Sedangkan aku dan kakakku? Seingatku kami hanya mengomentari apapun yang kami lihat di sepanjang jalan dengan aku memakan camilan, padahal kala itu kami berangkat di bulan Ramadan. Aku yang masih SD memang masih belajar puasa kala itu. Meskipun sempat mencoba puasa beduk (berbuka saat adzan duhur), aku lebih banyak tidak puasa dengan beralasan sebagai seorang musafir.

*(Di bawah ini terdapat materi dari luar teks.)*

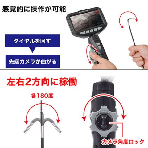 先端カメラ部は手元のダイヤルを回すと、左右2方向に180度曲がります。

Sebetulnya keinginan Ibuku untuk pulang kampung dan merayakan Idulfitri bersama makuo (kakak perempuan Ibuku) adalah alasan kenapa kami melakukan road tripĀ sepanjang lebih dari 2.200 kilometer ini, selama total dua pekan lamanya termasuk waktu perjalanan pulang-pergi dan menginap di Simaung.

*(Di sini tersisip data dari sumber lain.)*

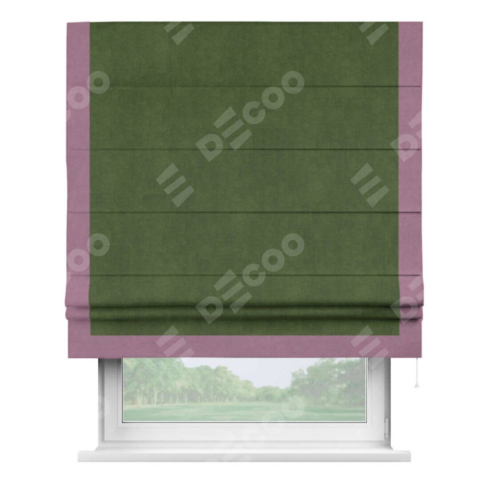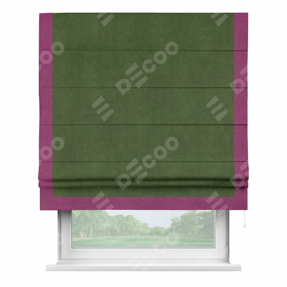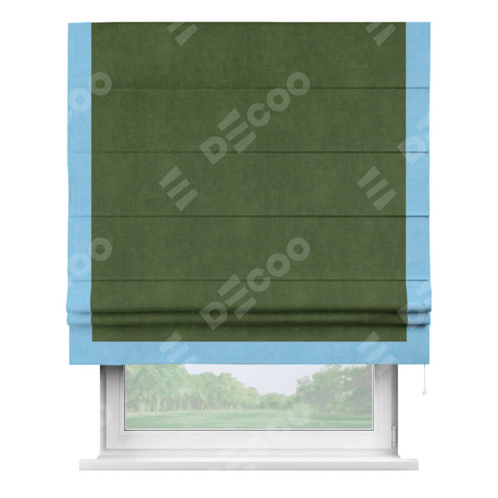 Римская штора производителя «Cortin», используется для проёма, пошита из ткани вельвет тёмно-салатовый, артикул ткани 33805. Отделка шторы кантом «Виктория», ткань для канта используется из вельвета разной расцветки на выбор. Имеет универсальный механизм и подходит для монтажа: на потолок, на стену и в нишу.
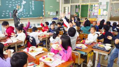 「ヒレカツがおいしかったので,がくしゅうはっぴょうかいががんばれそうです。」(4年児童)
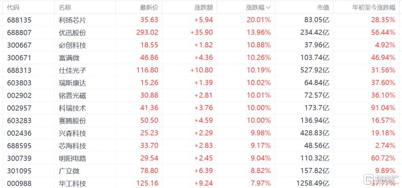 截至收盘,A股利扬芯片瑞斯康达科瑞技术赛腾股份等多股涨停,海光信息涨超5%,中科曙光涨超4%。

Dan itu adalah sebuah pengalaman yang ikut membentuk diriku menjadi seseorang yang begitu menyukai traveling.
Lebaran di Kampung, Tak Ada Kata Merenung
Sebagai peranakan Jawa-Minang, menghabiskan waktu Ramadan di tanah Sumatera Barat adalah sebuah memori yang tak bisa kulupakan. Meskipun akhirnya saat aku sudah dewasa sempat mudik juga bersama Ibuku, kami melakukan perjalanan dengan pesawat yang sama sekali tidak terasa pengalaman road trip-nya.

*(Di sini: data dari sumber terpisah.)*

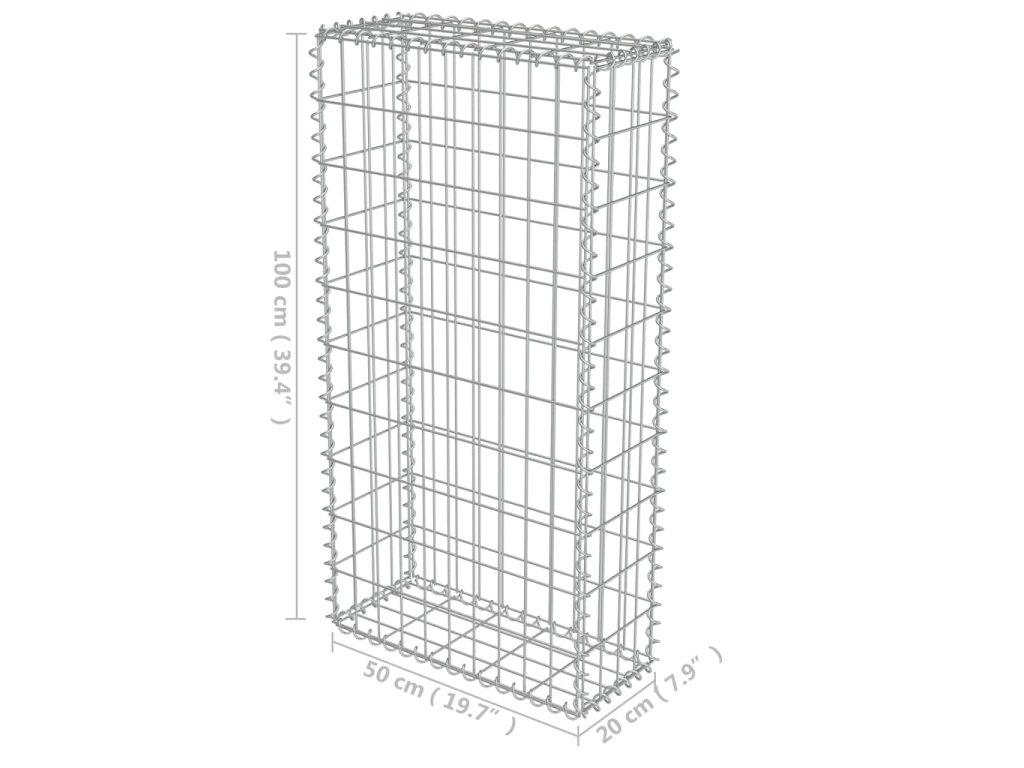 Gabionová zeď s kryty z pozinkované oceli 50 x 20 x 100 cm

Aku masih ingat saat road trip itu, kami membeli fast food atau makanan di warung sebagai santapan sahur di penginapan kota yang kami singgahi, kemudian berburu restoran keluarga untuk berbuka. Salah satu yang paling kusukai meskipun kejadian itu sudah terjadi belasan tahun lalu adalah saat kami berbuka di tepi sungai Musi, sambil menatap indahnya Jembatan Ampera di malam hari dengan menyantap pindang patin dan gulai udang.
Tempat makan atau penginapan yang kami singgahi saat perjalanan ribuan kilometer di dua pulau itu tidak ada yang mewah memang. Namun itu mewarnai kenangan Ramadan masa kecilku dengan sangat mahal.
Begitu pula di rumah makuo yang memang berada di dusun pedalaman.
Jangan bayangkan rumah yang rapat dikelilingi tetangga, rumah makuo berada di tanah yang menanjak dengan pemandangan sawah luas di halaman depan. Tak ada tetangga di kanan dan kiri karena jarak dengan rumah lain minimal 300 meter. Hanya ada satu rumah yang memiliki TV, itupun rumah milik ketua jorong (ketua desa) yang harus ditempuh dengan jalan kaki hampir satu kilometer.
Pakuo dan makuo berprofesi sebagai petani, mengerjakan lahan milik keluarga. Anak-anaknya yang sudah dewasa dan lulus SMA kebanyakan merantau ke Jawa atau ibukota provinsi lain di Sumatera. Hanya ada dua kakak sepupuku kala itu yang masih tinggal karena memang masih berusia sekolah. Aku dan kakakku diajak untuk mengikuti sholat tarawih di dua hari terakhir jelang Lebaran.